Dans certaines œuvres de musique contemporaine qui intègrent l’électronique – comme Luna Park (2011) de Georges Aperghis – les interprètes sont amenés à porter des capteurs de mouvements qui déclenchent ou modulent des événements sonores. Leurs gestes ne portent alors plus sur un instrument de musique mais s’étendent à l’espace qui les entoure et doivent donc être réinventés tant dans leur écriture que dans leur mise en œuvre.

Les gestes experts constituent un vaste champ, mais ne s’intéresser qu’à eux reviendrait néanmoins à occulter un aspect fondamental du langage de nos corps, qui s’expriment dans toutes nos activités communicationnelles : la moindre de nos conversations est ponctuée de gestes dits « coverbaux », qui accompagnent et valorisent la parole pour en faciliter la réception (ce phénomène s’est d’ailleurs cristallisés dans l’expression « joindre le geste à la parole ») ; la graphie parle de son scripteur dont les gestes sont transcris par l’encre. Qu’ils soient donc experts ou quelconques, travaillés de longue date en vue de leur assimilation ou triviaux et exécutés sans réfléchir, les gestes constituent un champ d’étude très vaste.

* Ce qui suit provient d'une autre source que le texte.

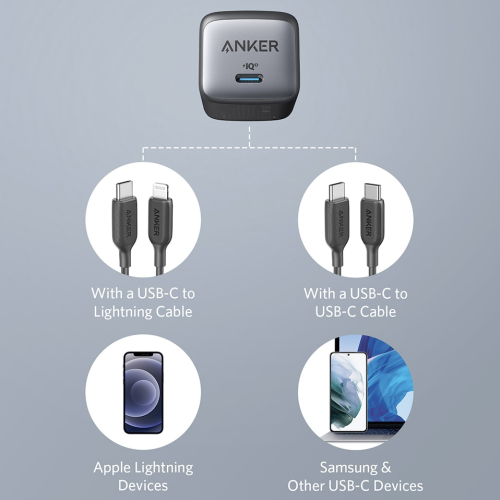 - Попрощайтеся зі своїми старими блоками живлення. Anker Nano II має потужність, необхідну для швидкої зарядки телефону, планшета та ноутбука з USB-C за допомогою одного крихітного зарядного пристрою.

Ainsi, du fait de sa transversalité, la notion de geste est étudiée par de nombreuses disciplines des sciences humaines et sociales, parmi lesquelles on peut citer, entre autres, la psychologie cognitive, l’anthropologie, la sociologie, la linguistique, les sciences de l’information et de la communication, la philosophie, la musicologie ou encore l’histoire. Les sciences formelles, l’ingénierie et les sciences de l’informatique prennent également le geste pour objet à des fins de modélisation et d’ergonomie, dont on trouve le prolongement dans des domaines aussi divers que l’industrie, la domotique ou les pratiques artistiques.

Depuis les trois dernières décennies de la fin du xxe siècle, les travaux scientifiques sur le geste se sont multipliés et connaissent un réel essor lors de la décennie suivante, notamment marquée par la création, en 2002, de l’International Society for Gesture Studies, qui se donne pour mission de promouvoir les travaux sur le geste humain, explorant des axes de recherche tels que le rôle et l’organisation des gestes dans la conversation présentielle, les aspects universels et culturels du geste, la relation entre geste, pensée et langage ou le rôle du geste dans l’évolution humaine et le développement de l’enfant.

Les journées du geste qui ont eu lieu les 6 et 7 novembre 2014 sont dans la lignée des Gestures studies, ainsi qu’en ont témoignées les interventions et les discussions riches et variées de cet événement.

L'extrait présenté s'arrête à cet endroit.